In August 2018, Sowore founded the African Action Congress (AAC) to contest the 2019 Presidential elections. “We haven’t had leaders who know what they’re doing and it’s because our leaders are a product of godfathers,” he said at the time. “They are a product of a compromised political system that has destroyed any opportunity to have leaders who are patriotic, honest and selfless.” For his campaign, he touted his experience as a student union leader and activist; he also made lavish, ambitious promises, such as raising the minimum wage to N100,000 from N18,000, fixing the nation’s power problems with solar within a year and growing cannabis at scale to boost non-oil revenues. At the polls, AAC and Sowore floundered. Muhammadu Buhari, the eventual winner, won more than 15 million votes. Sowore couldn’t garner up to 50,000. AAC wasn’t even among the top five political parties. He rejected the results. He described the exercise as “an act of aggression against Nigerian voters.”

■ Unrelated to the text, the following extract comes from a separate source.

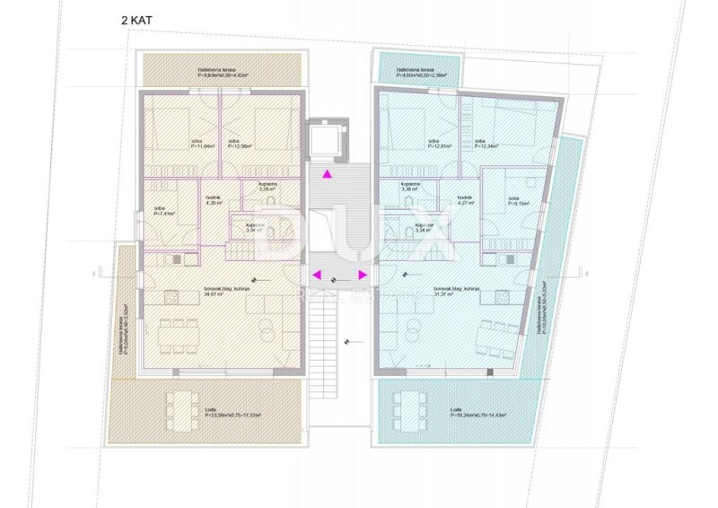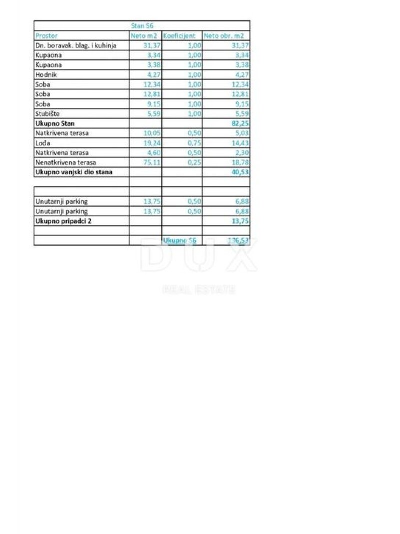 ZADAR, DIKLOVAC - Modern penthouse with garage under construction S6 A modern penthouse under construction in Diklovac in Zadar is for sale. The apartment with a total living area of 82.25 m2 is located on the second floor of a smaller residential building with 6 units. It consists of a spacious living room, kitchen and dining room, three bedrooms and two bathrooms. The apartment has a terrace, a loggia, a roof terrace of 75.11 m2, a storage room and two garage parking spaces. The total usable area of the apartment together with all accessories is 136.53 m2. The apartment is fully air-conditioned and has underfloor heating. High-quality materials were used in the construction, such as reinforced concrete construction and 12-16 cm thermal insulation on the facade. First-class ceramics were used for the floor coverings, and the rooms have three-layer parquet. The carpentry is aluminum, and electric blinds, mosquito nets and reflective glass are installed. The building has an elevator and an underground garage. The planned construction date is mid-2025. The apartment is positioned in a very quiet location, 400 m from the beach. The city center is less than 4 km away. In the immediate vicinity there is a variety of content such as restaurants and shops. Zadar is the urban and tourist center of Northern Dalmatia, a city that, in addition to its long history and cultural diversity, also offers a rich gastronomic offer. There are various interesting places in the vicinity of Zadar, such as the historical towns of Biograd na Moru or Nin, and numerous islands on the Adriatic coast. Dear clients, the agency commission is charged in accordance with the General Business Conditions www.dux-nekretnine.hr/opci-uvjeti-poslovanja Sara Večeralo Agent s licencom E- www.dux-dalmacija.com ZADAR, DIKLOVAC - Modern penthouse with garage under construction S6.

Since the conclusion of the 2019 elections, the nation’s security temperature has heightened: Boko Haram has resurfaced and a wave of violent kidnappings continues to terrorise the country. As usual, President Buhari has been slow in appointing ministers and his ‘body language’ suggests a sense of detachment relative to the urgency of the reality facing most Nigerians, especially those at the lower rungs of society. Sowore sought to ride this wave of apparent despondency when he announced ‘Revolution Now’. Unfortunately, he didn’t have – and could not conjure – the national, populist presence to achieve his goal. Even those politically opposed to the Buhari administration have disowned his call for change. For example, Governor of Rivers State, Nyesom Wike, a staunch member of the Peoples Democratic Party (PDP) has disparaged the movement. “Rivers State is not part of the ‘Revolution Now’ protest and whatever illegal agenda it sought to pursue,” Wike said after the initial protests had been quashed.

However, it is presumptuous to imagine that Sowore has failed. What he has done is to dramatise the sense of urgency that is required to solve Nigeria’s problems. He might bear the spirit of a lawless, naive student-union activist, but history will remember that he raised his voice when others, perhaps better placed to advance the nation’s democracy, stayed docile. And this government helped his cause.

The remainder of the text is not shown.